Homeowners understand this instinctively, even if they cannot always articulate it technically.

Cutaway view of a roof, showing layers: tiles, waterproofing, underlayment, and thermal insulation over rafters.

They call when a leak appears after heavy rain and they need to know whether the problem is isolated or systemic. They call when shingles scatter across a yard after wind and they want an honest assessment rather than a sales pitch. They call when an older roof begins showing its age and they want to understand timing, options, and risk without pressure tactics.


They call when prior experiences with contractors left them wary.


Vague estimates. Elastic timelines. Communication that fades once work begins. Crews that arrive unpredictably. Work that drifts from the original scope. These patterns are common enough that homeowners approach new projects with a degree of skepticism.

Predictability becomes as valuable as craftsmanship.


Clear explanations matter. Straight answers matter. Defined scope matters.
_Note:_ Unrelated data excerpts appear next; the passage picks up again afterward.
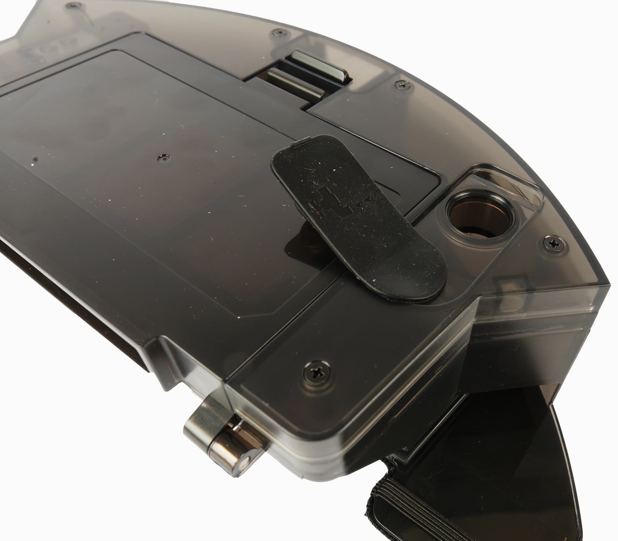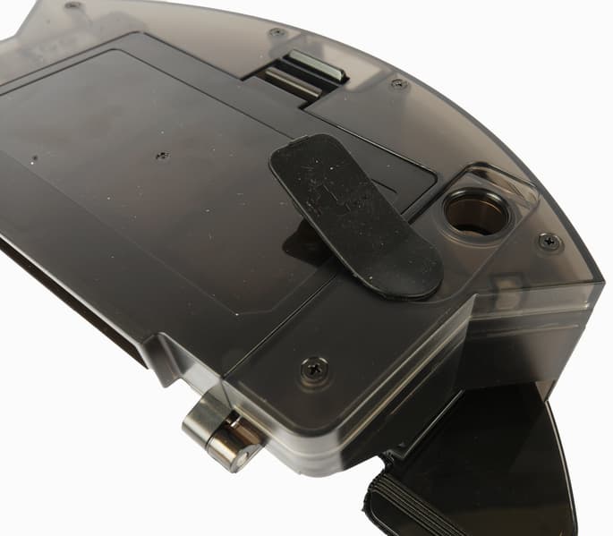 Крышка мусоросборника удерживается защелкой и откидывается более чем на 180° — это облегчает опорожнение резервуара. Система фильтрации состоит из капроновой сетки, натянутой на пластиковую рамку, поролонового элемента и прямоугольного HEPA-фильтра.
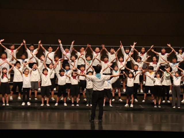 初めは「緊張する」「手が震える」と言っていた子供たちでしたが、ステージに立つと普段の練習のように笑顔を見せながら明るい声で歌うことができました。
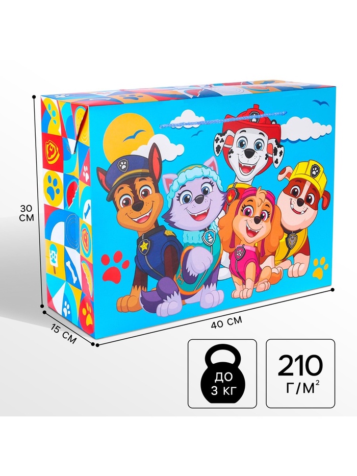 Пакет подарочный-коробка, 40 х 30 х 15 см, упаковка, Щенячий патруль
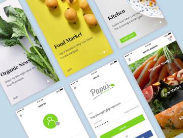 图穷联素材库 » 餐饮美食蔬菜水果配送外卖移动食品应用程序UI工具包Papas Garden
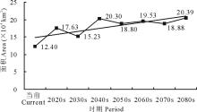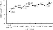 就L4等级而言, 在当前及未来A1b情景下, 其区域面积呈现出波动增加的变化趋势(图7)。总体上由当前的12.40 km2增加至2080s的20.39 km2。
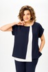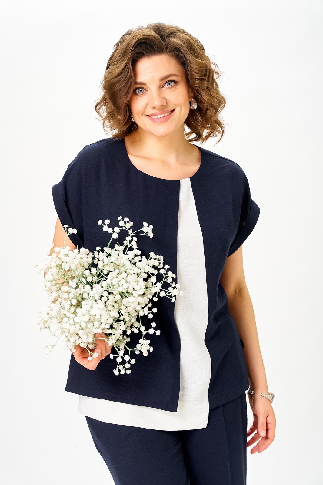Блуза свободной формы со спущенным плечом, без рукавов. Блуза имеет О-образный вырез, разрезы по боковым швам и планки с отворотами по пройме. Перед блузы с нагрудными вытачками и вставкой из отделочной ткани, правая часть переда отлетная.
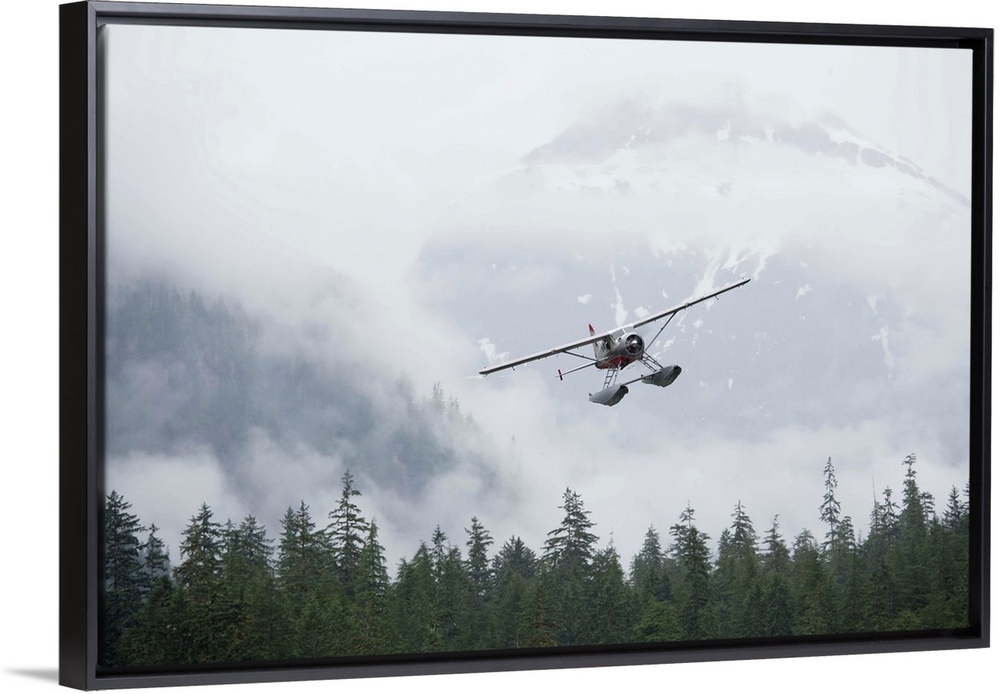 <p>Floatplane banks while flying low over coastal rainforest along Rudyerd Bay on flightseeing tour on foggy morning.</p>
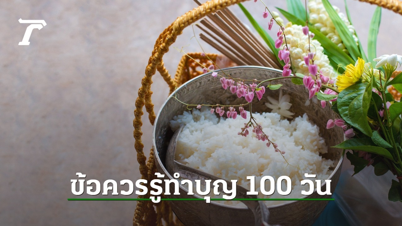 การทำบุญ 100 วัน เพื่ออุทิศส่วนกุศลไปให้ผู้ล่วงลับ เป็นความเชื่อของชาวพุทธที่ปฏิบัติสืบต่อกันมาในสังคมไทย ซึ่งมีรายละเอียดควรรู้ที่หลายคนอาจจะสงสัย เช่น ทำบุญ 100 วันนับยังไง, ใช้พระกี่รูปในการประกอบพิธี, ควรใส่เสื้อสีอะไร ตลอดจนต้องเตรียมอะไรบ้าง บทความนี้ได้รวบรวมเรื่องน่ารู้เกี่ยวกับการทำบุญ 100 วันมาฝากกัน
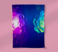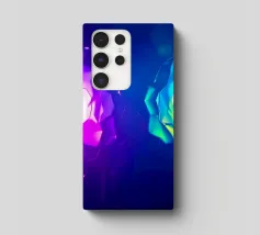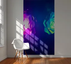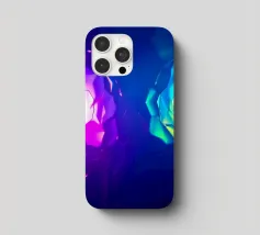 Due forme astratte di rosa sono in mostra su uno sfondo scuro, illuminato da sfumature luminose di viola e blu. Questo design artistico crea uno sfondo per telefono visivamente accattivante.

A homeowner is not simply purchasing materials and labor. They are granting access to the most valuable physical asset they own. The experience surrounding that process carries weight.
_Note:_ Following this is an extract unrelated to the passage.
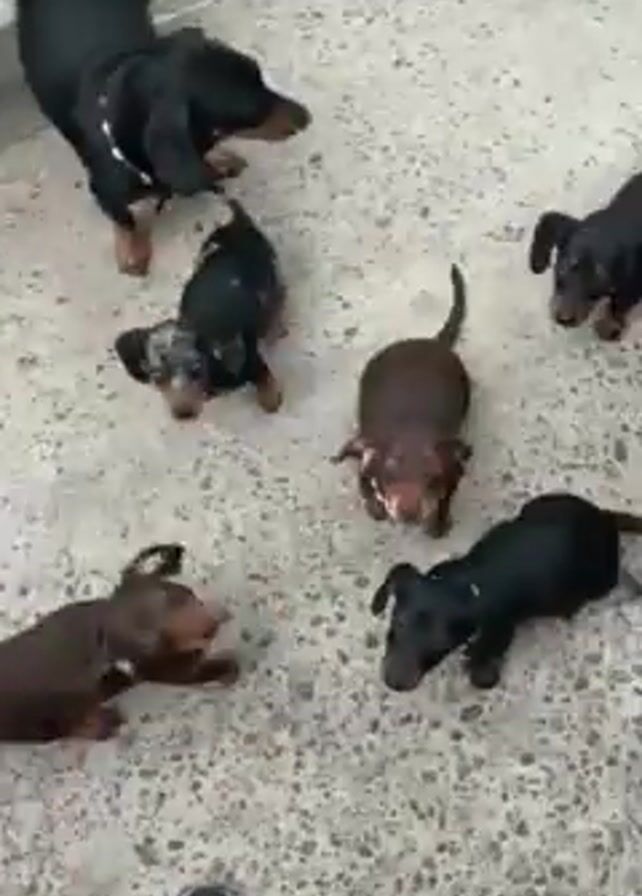 A hand holds a blue plastic dog bowl with six outer compartments containing brown kibble and pieces of broccoli, and a central compartment with a few kibble pieces. A group of dachshund puppies, mostly black and brown, with one dapple-colored dog, gather around. The bowl is placed on the ground, and the puppies eagerly begin eating from the compartments. The setting appears to be an outdoor concrete surface.
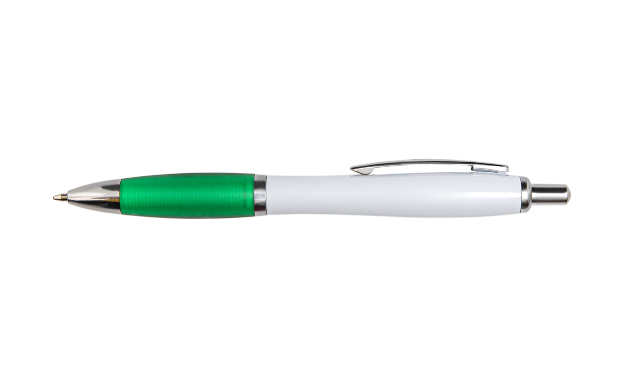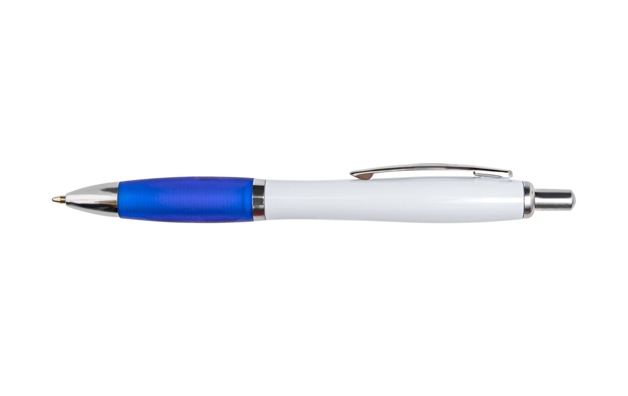 Clip de metal y grip con color traslúcido*. Tinta negra, punta redonda, grosor 1.0MM.

Beyond the Questions: Building Trust


Questions usually sound practical on the surface...

Is this repairable, or does the roof

require replacement?

How urgent is the issue?



What caused the failure?



What prevents it from happening again?


How long will the work take?


What exactly will be done?



Beneath those questions sits something more fundamental.


Can this contractor be trusted inside the decision-making process?


Trust comes from consistency – explanations that make sense, work that matches the plan, and timelines that hold. From a jobsite that reflects professionalism rather than disruption.


Questions, at their core are about risk management.


Water intrusion does not negotiate. Weather does not accommodate scheduling mistakes. Improper flashing does not fail politely. When failures occur, they compound. Damaged decking leads to compromised insulation. Compromised insulation leads to temperature imbalance. Moisture leads to mold, staining, rot, and gradual structural deterioration.

Homeowners are not reacting to a single defect. They are reacting to potential cascading consequences.


That is why the initial conversation matters.


An inspection is not merely a procedural step. It is a diagnostic process. Understanding roof condition, ventilation performance, drainage behavior, flashing integrity, material lifespan, and prior repair history determines whether a solution addresses symptoms or root causes.

Shortcuts tend to resurface.


Temporary patches masquerade as permanent fixes. Cosmetic adjustments hide underlying weaknesses. Misdiagnosed problems reappear during the next storm cycle. The homeowner ends up paying twice — once for reassurance, once for correction.


Clarity reduces repeat problems. Defined scope reduces misunderstandings.


The Value of a Written Plan


A written plan defines what will be done and what to expect. It turns an ambiguous service into a controlled project.

Homeowners value this more than marketing language.


  • They call when they want straight answers about what they are seeing.


  • They call when they want to understand risk before damage spreads.


  • They call when they want work performed without unnecessary friction.


  • They call when they want the project to feel controlled rather than chaotic.


Because a home is not a jobsite. It is a living environment.


Noise, debris, access, scheduling, and site organization are not minor details from the homeowner's perspective. They directly affect daily life. Professionalism expresses itself not only through technical execution but through how the work integrates with the homeowner's space.


In the end, the decision rarely centers on shingles alone. It centers on confidence.

Confidence that the diagnosis is accurate.


Confidence that the scope is defined.


Confidence that timelines are realistic.